Stockdale was a Navy pilot during the Vietnam War. Shot down over North Vietnam, he was captured, beaten and held prisoner for seven years, during which he was routinely tortured but also managed to engage in enough resistance efforts that he was eventually isolated by the Vietnamese from the main POW population. Other POWs, including Sen. John McCain, have said that Stockdale was a hero to whom the other prisoners looked for leadership and inspiration. He was awarded the Medal of Honor. After the war, Stockdale wrote about the philosophy of the Greek stoics, served as president of two colleges, and recovered his health.

Just in case you haven’t been able to place where you heard about Stockdale before, he was Ross Perot’s running-mate on the 1992 independent ticket. Originally, Stockdale agreed only to be a place-holder on the ticket and Perot promised to replace him before the election, but for various reasons that never happened and Stockdale appeared opposite Republican Dan Quayle and Democrat Al Gore in the 1992 vice presidential debate 20 years ago this week.

White-haired, suffering from hearing-loss from his captivity, untrained in dark arts of televised celebrity and the even darker arts of political sound-bite-ology, Stockdale sometimes seemed dazed and confused during the debate, which became symbolized  by what he chose as his opening line of his opening statement, the rhetorical question: “Who am I? Why am I here?”

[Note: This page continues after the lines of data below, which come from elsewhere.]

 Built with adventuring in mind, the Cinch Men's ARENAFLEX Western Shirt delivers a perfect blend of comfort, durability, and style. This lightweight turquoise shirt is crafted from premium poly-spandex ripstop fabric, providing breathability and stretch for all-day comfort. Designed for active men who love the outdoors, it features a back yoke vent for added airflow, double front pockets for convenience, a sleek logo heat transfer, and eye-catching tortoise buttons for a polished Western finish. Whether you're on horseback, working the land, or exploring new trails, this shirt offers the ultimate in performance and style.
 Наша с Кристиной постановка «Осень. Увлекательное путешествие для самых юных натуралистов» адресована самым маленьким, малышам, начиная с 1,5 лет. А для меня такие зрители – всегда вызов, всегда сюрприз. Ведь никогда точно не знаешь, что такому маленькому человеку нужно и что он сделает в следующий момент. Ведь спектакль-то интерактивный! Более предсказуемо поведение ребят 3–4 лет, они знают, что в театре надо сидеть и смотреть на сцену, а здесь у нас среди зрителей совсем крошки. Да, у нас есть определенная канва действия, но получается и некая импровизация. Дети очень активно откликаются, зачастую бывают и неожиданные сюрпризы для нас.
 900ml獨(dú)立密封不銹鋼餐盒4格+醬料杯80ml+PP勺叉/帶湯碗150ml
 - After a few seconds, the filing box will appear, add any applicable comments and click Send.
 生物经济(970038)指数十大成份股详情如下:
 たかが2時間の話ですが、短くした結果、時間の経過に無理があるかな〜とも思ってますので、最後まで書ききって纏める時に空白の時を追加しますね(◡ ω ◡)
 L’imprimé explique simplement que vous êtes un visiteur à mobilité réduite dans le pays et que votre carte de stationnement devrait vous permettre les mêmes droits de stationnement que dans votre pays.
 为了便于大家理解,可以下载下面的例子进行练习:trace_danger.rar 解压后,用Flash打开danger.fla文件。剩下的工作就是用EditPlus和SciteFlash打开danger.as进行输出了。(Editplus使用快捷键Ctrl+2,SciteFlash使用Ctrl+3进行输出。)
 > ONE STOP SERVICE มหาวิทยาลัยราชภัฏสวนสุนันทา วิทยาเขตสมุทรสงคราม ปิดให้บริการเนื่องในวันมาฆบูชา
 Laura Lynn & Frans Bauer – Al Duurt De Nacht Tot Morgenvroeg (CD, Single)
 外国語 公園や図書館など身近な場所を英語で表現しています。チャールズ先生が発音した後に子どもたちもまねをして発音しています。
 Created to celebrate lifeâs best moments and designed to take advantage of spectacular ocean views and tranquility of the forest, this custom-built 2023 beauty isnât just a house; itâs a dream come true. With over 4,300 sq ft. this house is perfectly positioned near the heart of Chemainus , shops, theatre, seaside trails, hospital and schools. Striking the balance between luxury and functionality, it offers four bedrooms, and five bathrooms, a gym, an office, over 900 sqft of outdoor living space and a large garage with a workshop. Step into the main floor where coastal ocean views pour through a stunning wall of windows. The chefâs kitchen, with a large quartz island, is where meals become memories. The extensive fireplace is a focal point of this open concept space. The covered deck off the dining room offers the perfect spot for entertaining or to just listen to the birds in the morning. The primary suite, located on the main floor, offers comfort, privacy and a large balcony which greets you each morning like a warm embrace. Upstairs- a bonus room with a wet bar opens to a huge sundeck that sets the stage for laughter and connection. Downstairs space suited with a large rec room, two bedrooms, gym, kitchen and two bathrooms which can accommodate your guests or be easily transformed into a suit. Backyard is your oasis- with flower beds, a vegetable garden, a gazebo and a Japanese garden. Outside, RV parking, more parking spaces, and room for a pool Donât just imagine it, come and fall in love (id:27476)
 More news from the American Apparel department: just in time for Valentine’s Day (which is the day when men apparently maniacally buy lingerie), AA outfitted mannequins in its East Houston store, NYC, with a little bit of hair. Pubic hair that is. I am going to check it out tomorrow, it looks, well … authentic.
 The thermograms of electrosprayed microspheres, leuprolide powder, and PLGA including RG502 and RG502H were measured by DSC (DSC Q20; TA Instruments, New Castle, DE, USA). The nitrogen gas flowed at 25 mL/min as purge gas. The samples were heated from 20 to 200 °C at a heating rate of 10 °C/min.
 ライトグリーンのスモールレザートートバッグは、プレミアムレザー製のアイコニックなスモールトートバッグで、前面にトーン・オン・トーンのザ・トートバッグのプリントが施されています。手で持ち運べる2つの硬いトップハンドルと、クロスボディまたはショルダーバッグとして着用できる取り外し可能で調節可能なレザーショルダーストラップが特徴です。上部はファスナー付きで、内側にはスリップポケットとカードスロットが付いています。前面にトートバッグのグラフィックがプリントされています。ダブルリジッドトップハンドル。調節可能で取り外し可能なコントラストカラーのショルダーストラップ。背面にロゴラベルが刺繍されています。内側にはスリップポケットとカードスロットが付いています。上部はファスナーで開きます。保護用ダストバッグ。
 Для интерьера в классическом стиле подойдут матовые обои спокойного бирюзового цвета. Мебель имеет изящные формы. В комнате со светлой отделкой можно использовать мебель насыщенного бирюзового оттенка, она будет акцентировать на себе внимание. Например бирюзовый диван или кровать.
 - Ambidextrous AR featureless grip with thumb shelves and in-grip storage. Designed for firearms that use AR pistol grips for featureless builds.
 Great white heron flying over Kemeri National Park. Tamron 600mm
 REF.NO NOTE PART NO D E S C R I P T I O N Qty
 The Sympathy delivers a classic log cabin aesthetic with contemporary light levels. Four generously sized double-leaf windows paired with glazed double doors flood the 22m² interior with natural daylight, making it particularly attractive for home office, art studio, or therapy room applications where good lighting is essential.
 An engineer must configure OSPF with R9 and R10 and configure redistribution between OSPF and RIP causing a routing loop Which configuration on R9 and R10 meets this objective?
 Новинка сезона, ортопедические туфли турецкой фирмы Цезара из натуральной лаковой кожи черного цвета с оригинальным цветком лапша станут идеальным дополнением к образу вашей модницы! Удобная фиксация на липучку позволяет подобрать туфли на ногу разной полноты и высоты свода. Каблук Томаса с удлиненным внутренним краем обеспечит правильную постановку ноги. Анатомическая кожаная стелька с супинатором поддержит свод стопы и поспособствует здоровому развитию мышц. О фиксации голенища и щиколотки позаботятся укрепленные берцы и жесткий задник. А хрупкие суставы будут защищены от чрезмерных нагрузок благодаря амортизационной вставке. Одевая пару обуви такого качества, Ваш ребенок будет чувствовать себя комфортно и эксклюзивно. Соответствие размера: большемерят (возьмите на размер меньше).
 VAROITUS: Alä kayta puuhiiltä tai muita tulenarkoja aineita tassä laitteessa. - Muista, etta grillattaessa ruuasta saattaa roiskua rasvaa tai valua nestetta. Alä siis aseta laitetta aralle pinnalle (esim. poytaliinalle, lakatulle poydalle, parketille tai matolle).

Stockdale died in 2005. He did not become vice president. An institute at the Naval Academy that is named for Stockdale is a center for "ethical leadership." Those who know his story think of him with respect, admiration and gratitude. But, unfortunately, most Americans who remember anything about Adm. Stockdale remember him as a confused white-haired hard-of-hearing old joke, who mysteriously showed up in a veep debate and seemingly didn't know who he was or why he was there.

The ruination of a great man’s legacy is one thing that should bother us about our political culture in the age of televised debates.

“Who am I? Why am I here” entered the sorry history of famous utterances during debates, torn out of context and remembered because they were supposedly dumb (Gerald Ford’s “There is no Soviet domination of Eastern Europe”) or wickedly clever put-downs (Lloyd Bentsen to Dan Quayle: “Senator, you’re no Jack Kennedy”) or for no particular reason unless you were there and saw how handsome the guy looked in his suit and how regular-guyishly he wagged his head (Ronald Reagan to President Jimmy Carter, “There you go again”).

Then there are the non-utterances, like when George H.W. Bush was caught on camera looking at his watch while a member of the audience was asking a question. Seriously, did we really want to vote against a guy for president because he looked at his watch? The watch-glance was on my list of dumbest great moments in debate history. But my main point is that pretty much all the great moments are substanceless and ridiculous and told us nothing we should have weighed seriously in deciding our votes.

I strongly favor the young tradition of presidential candidates debating, especially if the chief alternative source of information is a 30-second ad. I wish (but don’t particularly hope) that someone could devise a format or find a moderator who could extract more meaningful statements. But when we have an audience that is mostly judging the candidates or their appearance, their body language, their rehearsed zinger or even their worst slip of the tongue, it’s hard to get hopes too high.